Since our soil has a serious dearth of organic matter, this weekend I planted a big mix of cover crops over more than one quarter of our gardening area.
You can see the video here:
My favorite part is mixing all the seeds together:
This isn’t the first cover crops mix I’ve made. Some years ago I made a much crazier mix:
Right now I have a limited variety of seeds available so I am working with what I have. It’s also getting closer to winter, so warm-season plants aren’t going to survive for long.
The Seed Mix
This current cover crop mix includes:
Rye (Grain Rye, not “Rye Grass”)
Winter Peas (Frostmaster)
The reason for this mix is to add organic matter to the soil and create a living polyculture that will feed the soil biology. When you don’t have enough compost, it makes sense to grow your own in place.
The Problem With Compost
I mention in the video that buying compost has become difficult due to aminopyralids and other contaminants working their way through the supply chain.

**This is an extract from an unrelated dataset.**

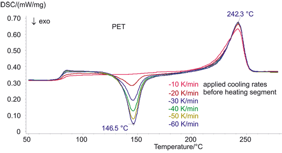 聚對苯二甲酸乙二醇酯(PET)是一種結(jié)晶速率相對較慢的半結(jié)晶性熱塑性高分子。在 DSC 中可以測出其非晶態(tài)部分(Tg 75°C~85°C)和晶態(tài)部分(重結(jié)晶 146°C,熔融 242°C)的不同比例。圖中顯示的是熔融后的 PET 以不同降溫速率冷卻后二次升溫的 DSC 譜圖,可見冷卻速率對 PET 結(jié)晶行為的影響。DSC 204 F1 可以自動計算出樣品的結(jié)晶度。這里使用的是配有機械制冷的 DSC 204 F1 Phoenix®。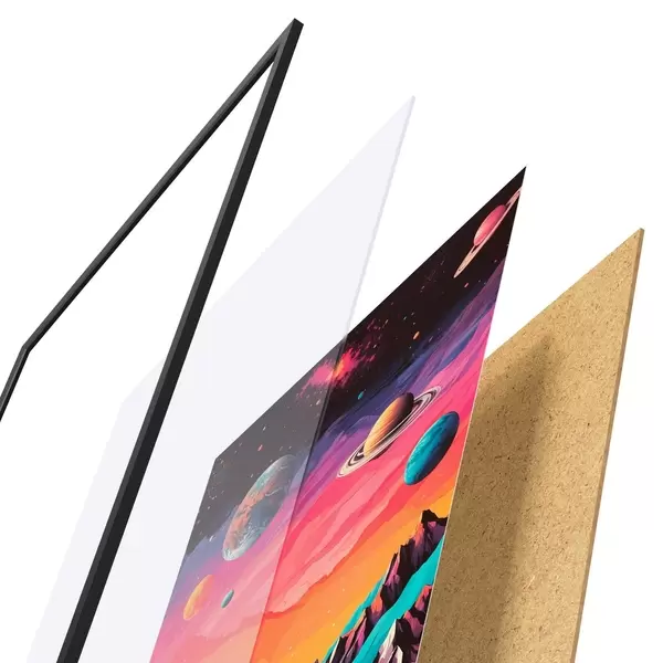 Plakát se skládá z rámu, plexiskla, tištěného obrazu a dřevotřískového podkladu. Díky úchytům na zadní straně lze plakát ihned zavěsit na zeď.

One viewer wrote in the comments:
“Have you considered identifying a source of compost that does not contain aminopyralids? I know you well enough to know this is not beyond you. You lose authority with bogus excuses. You just can’t afford to lose authority. Your livelihood depends on it.”
My response was that I wrote an entire book on the topic.
If you only watched my videos and didn’t follow everything else that was going on, I can see the point. Where is the compost pile? Where are the videos showing me scrounging for materials to fix the organic matter issue uncovered by my recent soil test?
Where is that guy who can face down any gardening problem and laugh?
I actually do have a compost pile right now, and I am working on sources of organic matter.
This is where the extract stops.